Max_Tulyev · June 24, 2019, 2:28pm

Hi All,

here in Ukraine we got an impact as well!

Have two questions:

1. Why Cloudflare did not immediately announced all their address space by /24s? This can put the service up instantly for almost all places.

2. Why almost all carriers did not filter the leak on their side, but waited for "a better weather on Mars" for several hours?

24.06.19 13:55, Dmitry Sherman пише:

FHR · June 24, 2019, 2:40pm

Verizon is the one who should've noticed something was amiss and dropped their customer's BGP session.
They also should have had filters and prefix count limits in place, which would have prevented this whole disaster.

As to why any of that didn't happen, who actually knows.

Regards,
Filip

Jared_Mauch · June 24, 2019, 2:44pm

(Updating subject line to be accurate)

Hi All,

here in Ukraine we got an impact as well!

Have two questions:

1. Why Cloudflare did not immediately announced all their address space by /24s? This can put the service up instantly for almost all places.

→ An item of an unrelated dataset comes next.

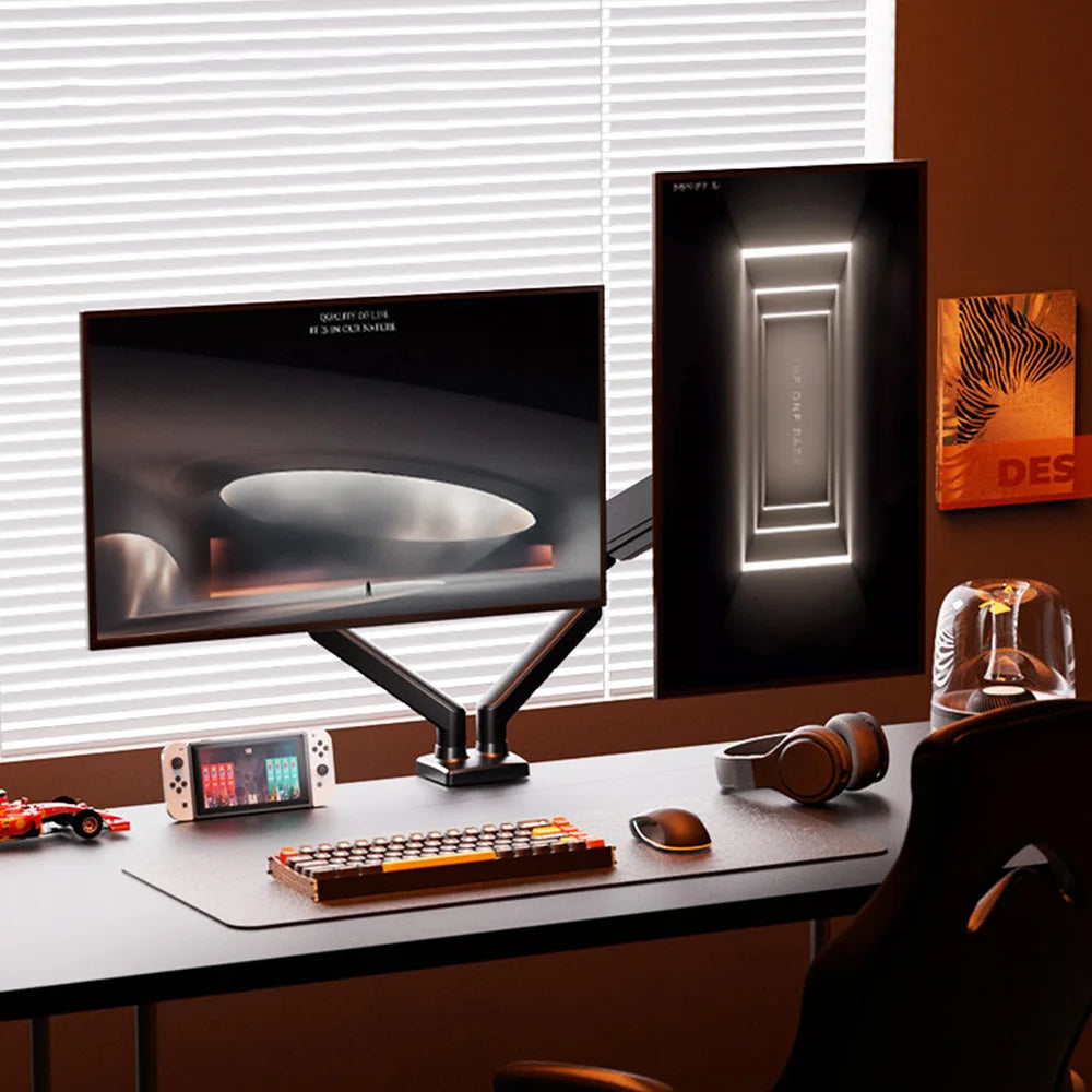 Optimise ton setup PC ou gaming avec ce bras articulé à gaz pour double écran. Parfait pour le gaming, le travail ou le montage vidéo, il libère de l’espace, améliore ta posture et te permet de passer d’une position assise à debout facilement 🖥️🔥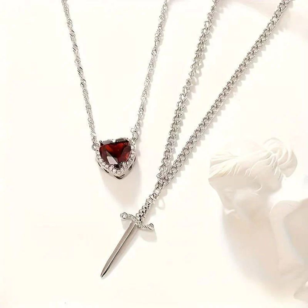 - Size: Heart necklace 17.7+2 inches, sword necklace 19.7+2 inches

They may not want to pollute the global routing table with these entries. It has a cost for everyone. If we all did this, the table would be a mess.

2. Why almost all carriers did not filter the leak on their side, but waited for "a better weather on Mars" for several hours?

There’s several major issues here

- Verizon accepted garbage from their customer
- Other networks accepted the garbage from Verizon (eg: Cogent)
- known best practices from over a decade ago are not applied

I’m sure reporters will be reaching out to Verizon about this and their response time should be noted.

It was impacting to many networks. You should filter your transits to prevent impact from these more specifics.

- Jared

https://twitter.com/jaredmauch/status/1143163212822720513
https://twitter.com/JobSnijders/status/1143163271693963266
https://puck.nether.net/~jared/blog/?p=208

ML11 · June 24, 2019, 3:00pm

$MAJORNET filters between peers make sense but what can a transit customer do to prevent being affected by leaks like this one?

Jared_Mauch · June 24, 2019, 3:03pm

Block routes from 3356 (for example) that don’t go 701_3356_ 701_2914_ 701_1239_

etc (if 701 is your transit and you are multi homed)

Then you won’t accept the more specifics.

If you point default it may not be any help.

- Jared

Max_Tulyev · June 24, 2019, 3:12pm

24.06.19 17:44, Jared Mauch пише:

1. Why Cloudflare did not immediately announced all their address space by /24s? This can put the service up instantly for almost all places.

They may not want to pollute the global routing table with these entries. It has a cost for everyone. If we all did this, the table would be a mess.

yes, it is. But it is a working, quick and temporary fix of the problem.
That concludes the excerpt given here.